BASF oil and gas subsidiary Wintershall is keeping faith with its Russian investments and wants to do more there, despite tense relations between Moscow and Europe over Ukraine.
New chief executive Mario Mehren said the German group’s joint exploration with Russian partner Gazprom in Siberia remained its most important global project.
“We are open for further projects in Russia,” he told reporters during the World Gas Conference (WGC) in Paris.
“Russia continues to be our most important focus region,” he added. “Russia needs to know that even in times of political crises we count in its energy.”

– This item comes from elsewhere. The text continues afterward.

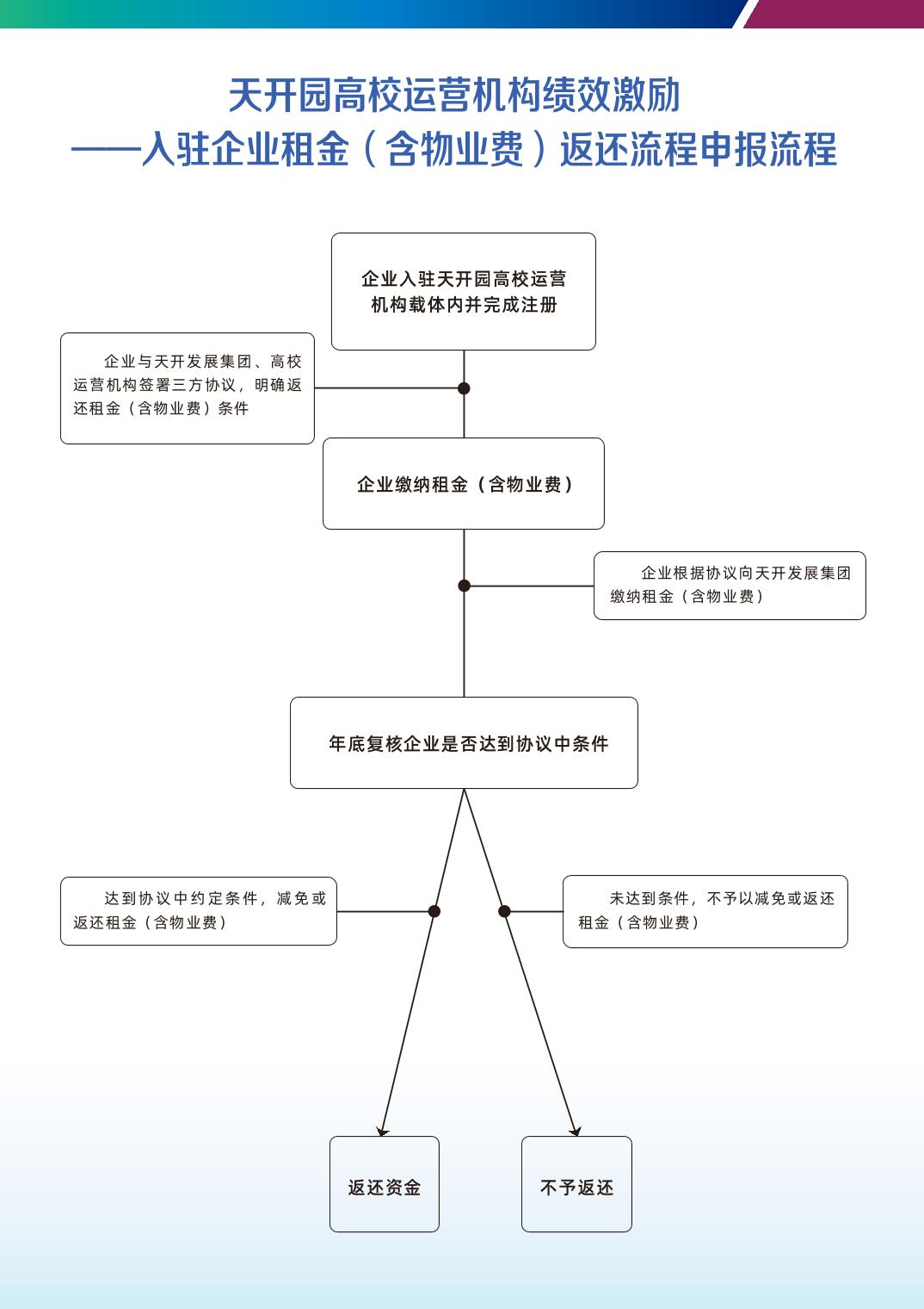 【一圖讀懂】17.天開園高校運營機構(gòu)績效激勵實施細則(試行)——入駐企業(yè)租金(含物業(yè)費)返還流程
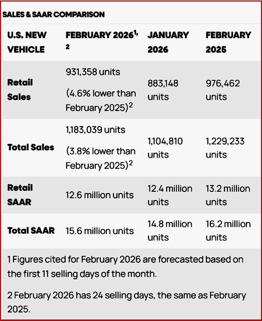 Total new-vehicle sales for February 2026, including retail and non-retail transactions, are forecast to reach to reach 1,183,000, a 3.8% decrease year-over-year, according to a joint analysis from J.D. Power* and GlobalData** as the Trump Slump continues. February 2026 has 24 selling days, equal to February 2025. The industry trend of affordability continues to grow.

Mehren, who took the job officially on Monday, succeeding Rainer Seele who left to head Austria’s OMV, reaffirmed Wintershall’s plan to invest around 500 million euros ($548 million) in the existing projects Achimgaz, Yuzhno Russkoye and Volgodeminpol up to 2018.
These produce 28 billion cubic metres of gas a year, enough to meet a third of Germany’s annual demand.

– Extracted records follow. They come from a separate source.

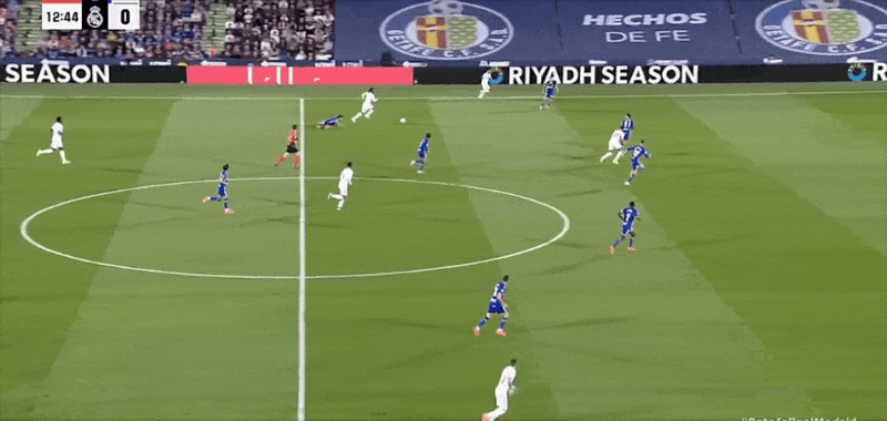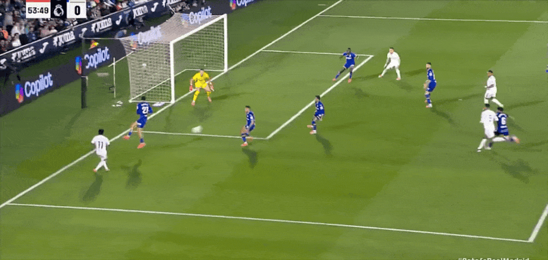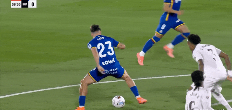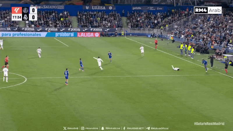 下半场比赛54分钟,赫塔菲后防沟通失误,贝林厄姆冲入禁区用脚尖先完成触球后被赫塔菲门将索里亚绊倒,主裁判同样不予理会,示意比赛继续;
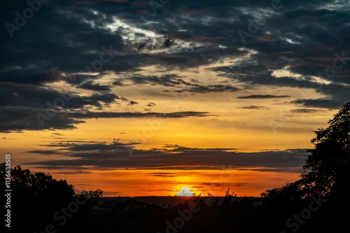 Dramatic sunrise with intense natural orange lights and idyllic dramatic scenery
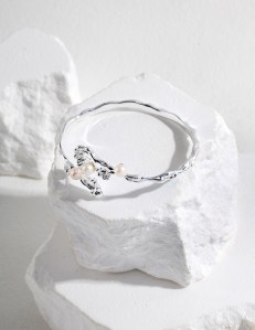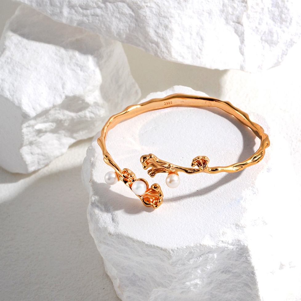 This bracelet is from the Wave-Inspired Series. Waves rise and fall, with the sea foam dancing in the breeze. The natural pearl, set within, reflects like a serene moonlit ocean embraced by gentle waves. This piece captures the luminous beauty and delicate romance of the sea.
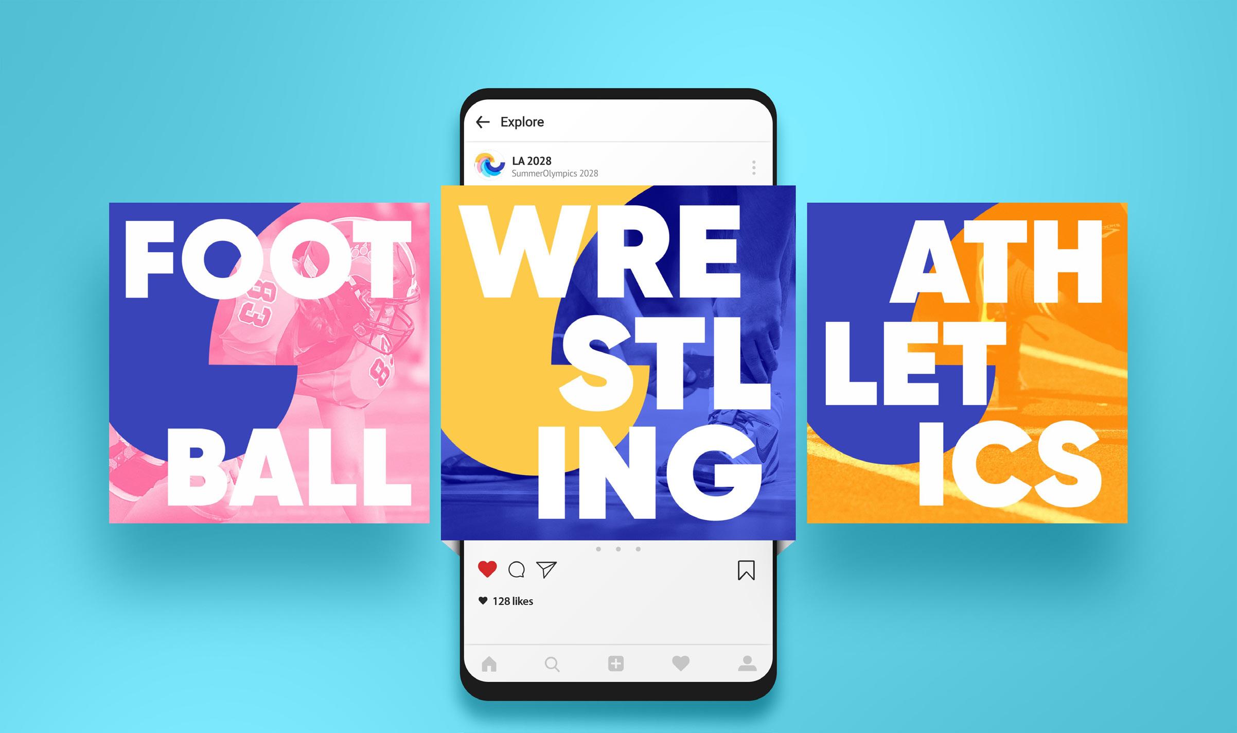 The promotional campaign on Instagram includes a series of posts with all the disciplines in the Olympic programme. The posts use the brand imagery masked by an element of the logo . The names of the different disciplines are
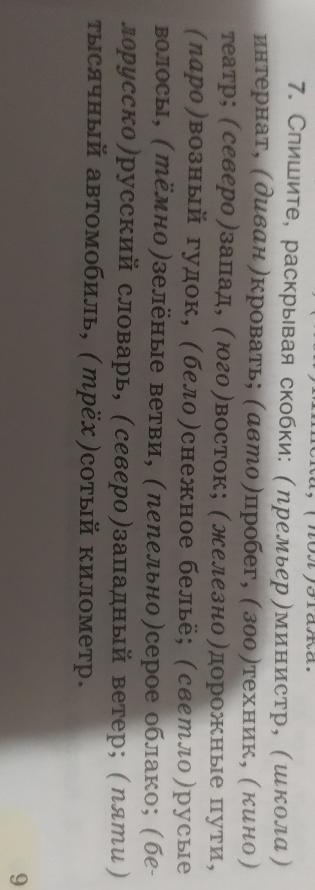 премьер министр , школа-интернат, диван-кровать, автопробег, зоотехник, кинотеатр, северо-запад, юго-восток, железнодорожные ... , паровозный , белоснежное, светло-русые, тёмно-зелёные, трёхсотый,пятитысячный, Северо-Западный, белорусскорусский, пепельно-серое

The Kassel-based firm was stung on the Russian side of its business last year when a planned gas asset swap fell through due to tensions over Russia’s part in the Ukraine, where pro-Russian separatists are fighting government forces.

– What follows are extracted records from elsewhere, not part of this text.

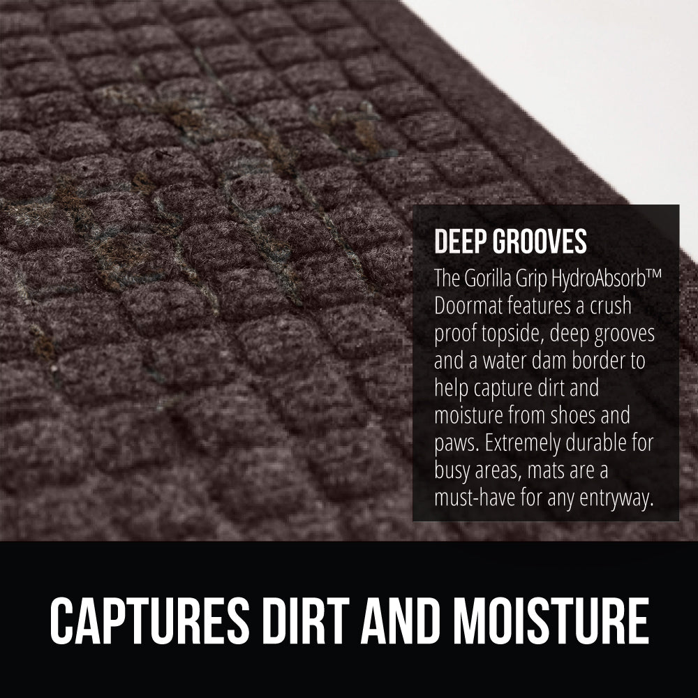 ULTRA ABSORBENT HYDROABSORB DOORMAT: Our most absorbent doormat, the Gorilla Grip HydroAbsorb mat can absorb up to 1.7 cups of water; featuring an innovative water dam border with deep grooves and bi level design to help capture water and prevent excess moisture from spilling onto your floor; ultra soft, polyester topside absorbs more water than other materials
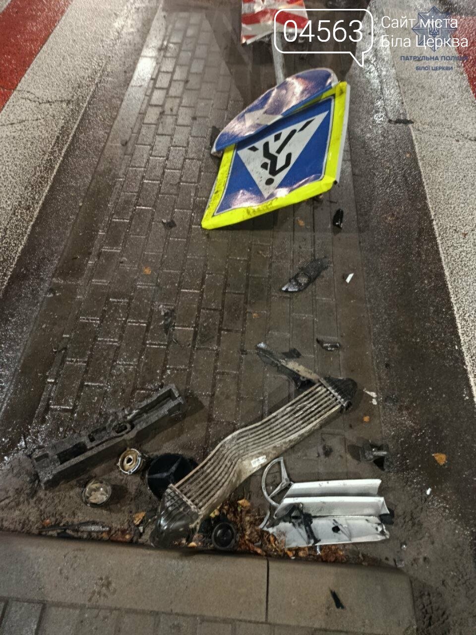 Учора ввечері на вулиці Ярослава Мудрого патрульні виявили пошкоджений дорожній знак, поруч із яким лежав номерний знак автомобіля.
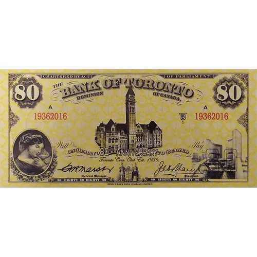 80 Dollars - Bank of Toronto Toronto Coin Club

Russia ditched plans for the South Stream gas pipeline from the Black Sea through eastern Europe, where Wintershall had been a consortium partner.
With other lucrative projects in Norway, the Middle East and Argentina on the go, Wintershall has alternatives.
Gazprom is also locked in a row with EU regulators over alleged market dominance and unfair pricing practices although it says it is considering concessions to settle the dispute.
But Mehren there was no way around reliance on Russia for gas in the EU.
Purchasing power would move away from the EU to China by 2035, which would overtake the bloc as the world’s biggest gas consumer, quadrupling its usage to 600 bcm by 2040, Mehren cited the International Energy Agency (IEA) as saying.
Global liquefied natural gas (LNG) output would be absorbed to the tune of 70 percent by Asia, while the EU with its dwindling domestic resources would continue to buy two thirds of its gas via pipelines.
EU import demand would rise as its production is due to fall by 2 percent a year and demand to rise by 0.8 percent per year over the longer term.